Opinion
July 12, 1985
Appeal from the Supreme Court, Monroe County, Conway, J.
Present — Dillon, P.J., Doerr, Boomer, O'Donnell and Pine, JJ.
Order unanimously affirmed, without costs. Memorandum: Defendant Kielon is a gunsmith. Either he or one of his employees sold gunpowder to 15- and 17-year-old brothers. The 15 year old attempted to construct a pipe bomb in the basement of his home; the powder exploded and he was fatally injured. A wrongful death action was commenced against Kielon, and he tendered the defense of the suit to plaintiff, his liability insurer. Plaintiff thereafter brought this action for declaratory judgment, seeking a declaration that it has no duty to defend or indemnify Kielon. The complaint alleges that the action is excluded from coverage under the policy's "products hazard" exclusion, and that defendant Kielon violated the condition of the policy requiring the insured to give notice of the occurrence "as soon as practicable".
In his answer, Kielon denied that the accident is not covered under the policy and denied giving late notice of the occurrence. He asserted counterclaims and affirmative defenses which, in sum, allege that the policy, by indorsement or by understanding, either did or should have insured against "products hazard".
Special Term refused to grant either party summary judgment, ruling that while the policy, as written, excluded coverage of the accident, a declaration to that effect must await determination of Kielon's counterclaims and affirmative defenses. The court also withheld a declaration on the issue of timeliness of notice pending a factual hearing. Kielon appeals from that part of the order holding that the accident is not covered by the policy as written, and plaintiff cross-appeals from that part of the order denying it summary judgment on the issue of timeliness of notice.

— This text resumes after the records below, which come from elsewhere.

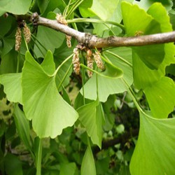 Gingko: Nom scientifique : Ginkgo biloba. Autres noms : Arbre aux quarante écus, Bai guo. Résumé : Le gingko est employé en Chine depuis longtemps pour soigner les problèmes de circulation cérébrale et d'asthme. Description : Arbre à un ou plusieurs troncs à grandes feuilles fines. Habitat et culture : Originaire de Chine, il serait le plus vieil arbre existant sur terre (son apparition remonterait à 190 millions d'années. Aujourd'hui il est cultivé en France, au Japon aux USA et en Chine. Parties utilisées : Feuilles, graines. Constituants : gingkolides, flavonoïdes, bilobalides.Usages : Traite les difficultés respiratoires (comme l'asthme) en diminuant le mucus. Ils soigne l'incontinence urinaire en tonifiant la vessie. De plus, en favorisant la circulation cérébrale, il favorise la mémoire, c'est pourquoi de nombreuses personnes âgées l'utilise en raison de ses vertus. Effets : Stimulation de la circulation sanguine, et les phénomènes d’acrocyanose dont souffrent les fumeurs
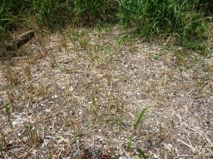 稲永公園前の永徳スリップ周辺には小規模なヨシ群落が存在します。この場所は現在、写真のように堤防護岸できれいに整備されていますが、以前は良好なヨシ群落が堤防沿いに広がる場所でした。護岸工事が始まってから完成までの期間、取り残された小さなヨシ群落は少しずつその姿を変えており、近年はヨシがパッチ状に散在するようになりました。また、岸近くのヨシ原の根がむき出しになっている場所や、土砂やゴミが堆積して陸地化が進行し、陸生植物が混生する場所も見られます。さらに、ヨシ原の前に広がる干潟の底質も以前に比べてやや堅くなり、底生生物の分布も変化しています。地元の人々によれば、これらの環境変動は護岸工事が始まった頃から見られているので、もしかするとこの影響があるのでは?というお話でした。
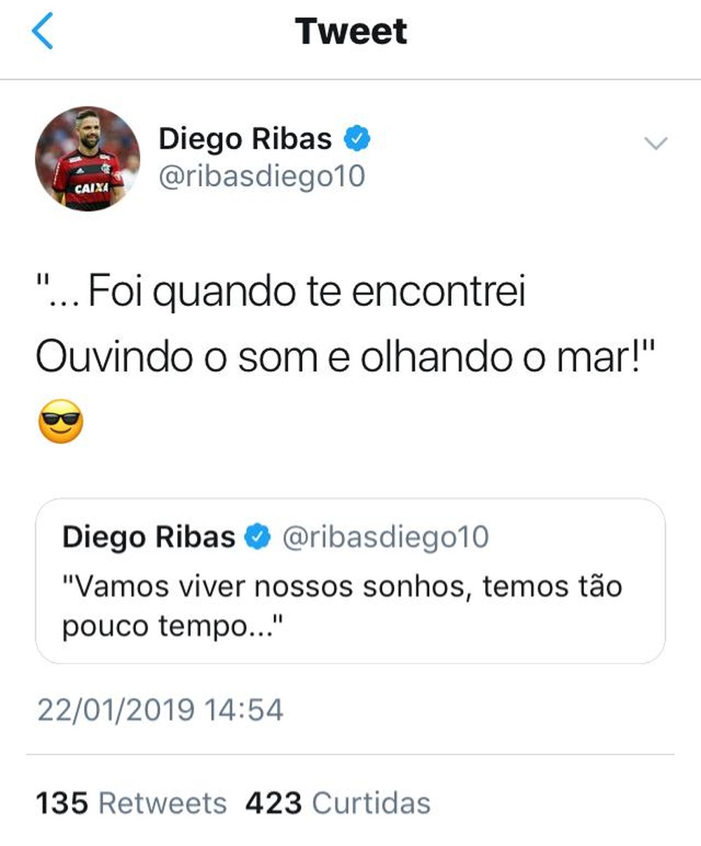 Diego se mostrou animado antes do treino desta terça-feira e usou sua conta no Twitter para "cantar" um trecho da música "Como Tudo Deve Ser", da banda Charlie Brown Jr. Até aí nada demais, só que a letra é continuação de um tuíte seu de julho de 2016, com a mesma canção, quando foi contratado pelo Flamengo. O motivo? Exatamente o que os torcedores suspeitaram: o camisa 10 rubro-negro acabou de assinar a renovação de contrato até o fim de 2020.
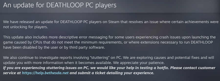The update also includes more descriptive error messaging for some users experiencing crash issues upon launching the game caused by CPUs that do not meet the minimum requirements, or where extensions necessary to run DEATHLOOP have been disabled by the user or by third-party software.
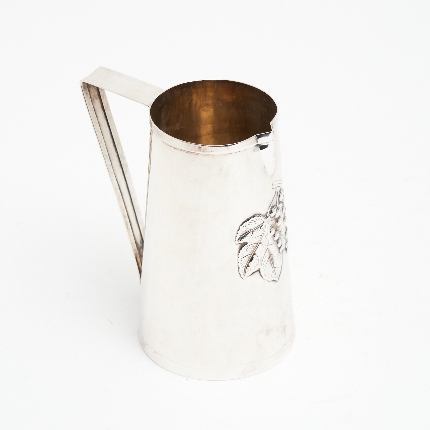 A SILVER WINE JUG WITH GRAPE DECORATION TO FRONT, MARKED AS STERLING 925, 312G H.17CM
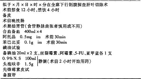 说明:(1)术前准备包括进一步确诊、肝功能各项或肝功能损害的分级测定,判断病人耐受力,估测术中切除肝肿块、肝叶的可能性和其他手术方式,术前进行营养支持,减少并发症。
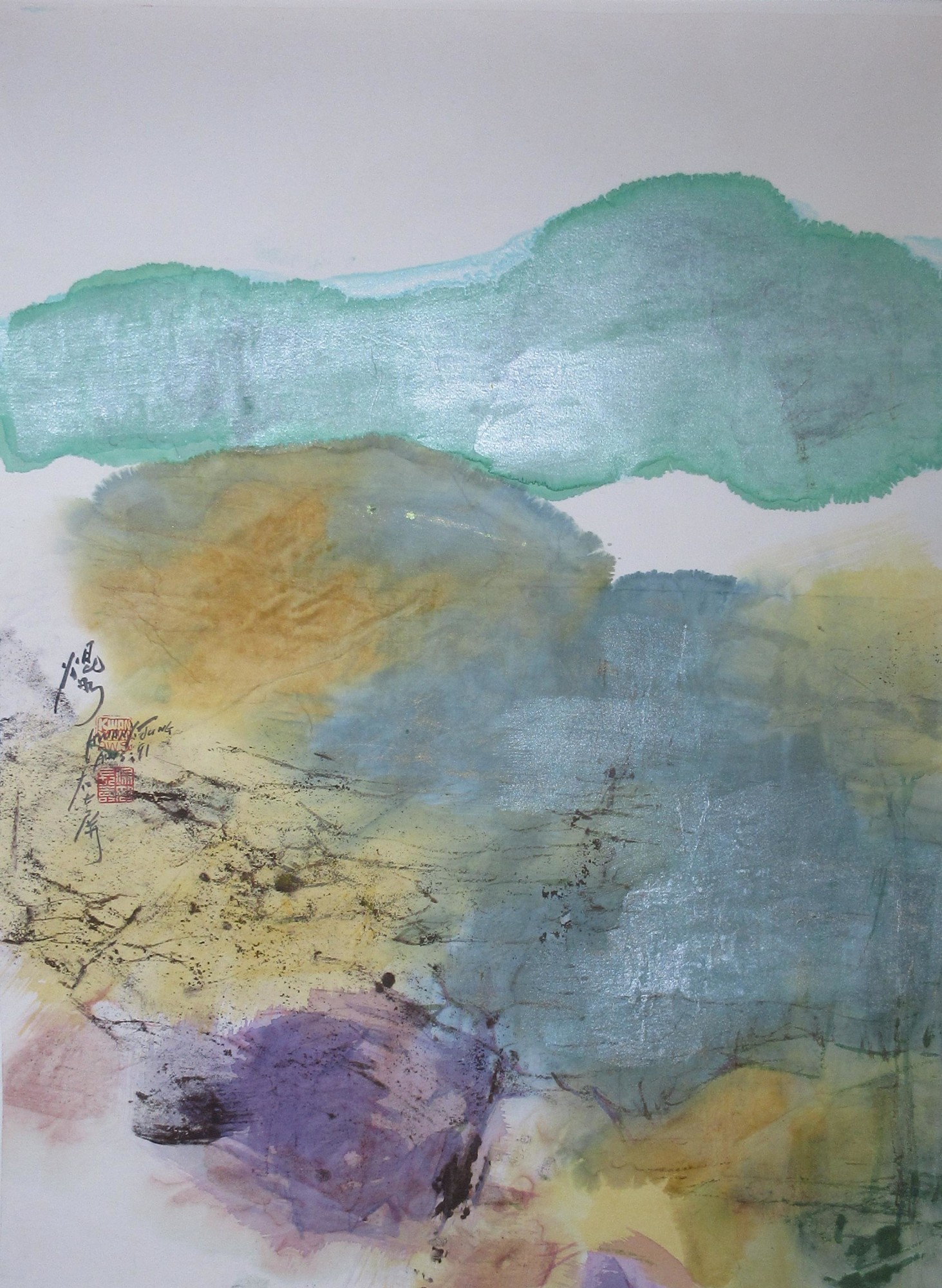 - Signature: Kwan Y. Jung, AWS, 94, Chinese signature, English chop seal AWS, Chinese chop seal.
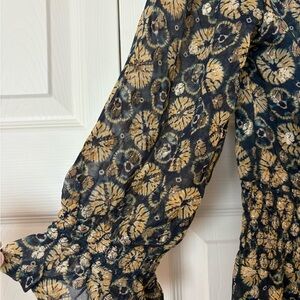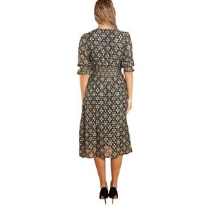 The Tenea Midi Dress has gold metallic dots layered on a tie dye print, stretchy smocked waist, flattering faux wrap, and semi-sheer puff sleeves.
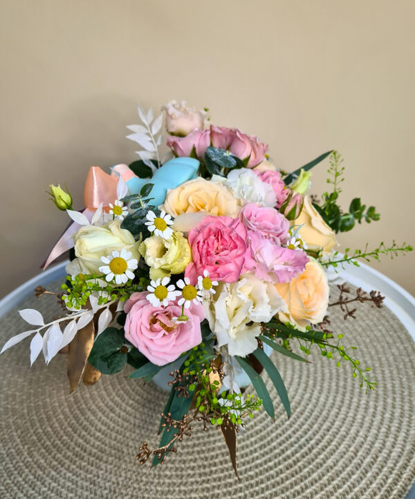 Culoarea sau nuanţa florilor poate să difere în funcţie de disponibilitatea pe stoc. În cazul lipsei pe stoc a unor elemente ale aranjamentului floral, vom înlocui acele elemente (flori/verdeață/ambalaj) cu variante similare ca preț și calitate.
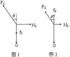 解答:解:当物体上滑时,静摩擦力沿墙壁向下此时力F较大,设为F1.物体的受力图如图1.
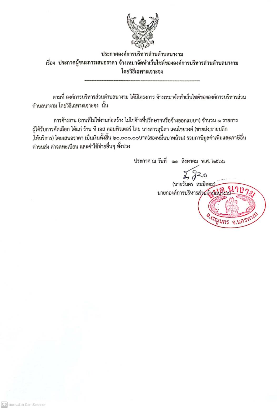 ประกาศผู้ชนะการเสนอราคา จ้างเหมาจัดทำเว็บไซต์ขององค์การบริหารส่วนตำบลนางาม โดยวิธีเฉพาะเจาะจง
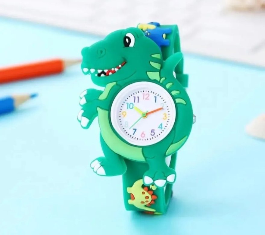 Renkli dinozor desenli, plastik kayışlı ve tokalı yeşil çocuk kol saati. Kadranda kolay okunabilir çok renkli sayılar bulunur.
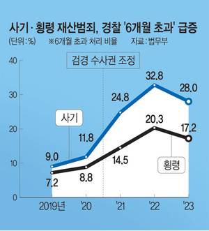 사기 범죄의 경우 경찰의 6개월 초과 처리 사건 비율은 2020년엔 11.8%에 불과했지만, 수사권 조정 후에는 24.8%(2021년)→32.8%(2022년)→28.0%(2023년)였다. 경찰에 대한 검찰의 수사지휘가 가능했을 때는 20% 안팎이던 경찰의 3개월 초과 처리 사건 비율은 2021년 이후 40∼60%대로 급증했다. 검찰이 처리한 피의자 수도 236만1611명(2019년)→150만2925명(2023년)으로 줄었으나 3개월 초과 처리비율은 같은 기간 6.8%에서 10.2%로 늘었다. 검찰청이 폐지되면 수사 장기화 문제는 더욱 심각해지고 그 결과 범죄피해자의 고통만 가중될 것이다.

The relevant part of the insuring clause provides: "The Company will pay on behalf of the insured all sums which the insured shall become legally obligated to pay as damages because of bodily injury or property damage to which this insurance applies, caused by an occurrence, and arising out of the ownership, maintenance or use of the insured premises and all operations necessary or incidental to the business of the named insured conducted at or from the insured premises".
By indorsement, however, the policy excludes from coverage "products hazard", which is defined as: "bodily injury and property damage arising out of the named insured's products or reliance upon a representation or warranty made at any time with respect thereto, but only if the bodily injury or property damage occurs away from premises owned by or rented to the named insured and after physical possession of such products has been relinquished to others".
Kielon argues that the "products hazard" exclusion applies only to defective products, and since it is unquestioned that the gunpowder here was not defective, the exclusion is inapplicable. While there is case authority in other jurisdictions to support that argument ( see, McGinnis v. Fidelity Cas. Co., 276 Cal.App.2d 15, 80 Cal.Rptr. 482; Farm Bur. Mut. Ins. Co. v. Lyon, 528 S.W.2d 932 [Ark]; Florida Farm Bur. Mut. Ins. Co. v. Gaskins, 405 So.2d 1013 [Fla]), no New York authority is cited. It is well settled that where an exclusionary clause is found to be unambiguous, it must be given its plain and ordinary meaning ( Novak v. All City Ins. Co., 43 N.Y.2d 854). In Sears Oil Co. v Merchants Ins. Group ( 88 A.D.2d 753), we found that a products hazard clause indistinguishable from the clause at bar was unambiguous and excluded coverage. The same conclusion must be reached here. The injury arose out of the insured's product and it occurred away from the insured's premises after physical possession of the product had been relinquished to decedent and his brother. On these undisputed facts, Special Term correctly ruled that the policy, as written, excludes coverage of the accident.
We have reviewed plaintiff's cross appeal and we agree with Special Term that a factual issue was presented as to whether Kielon gave notice of the occurrence "as soon as practicable".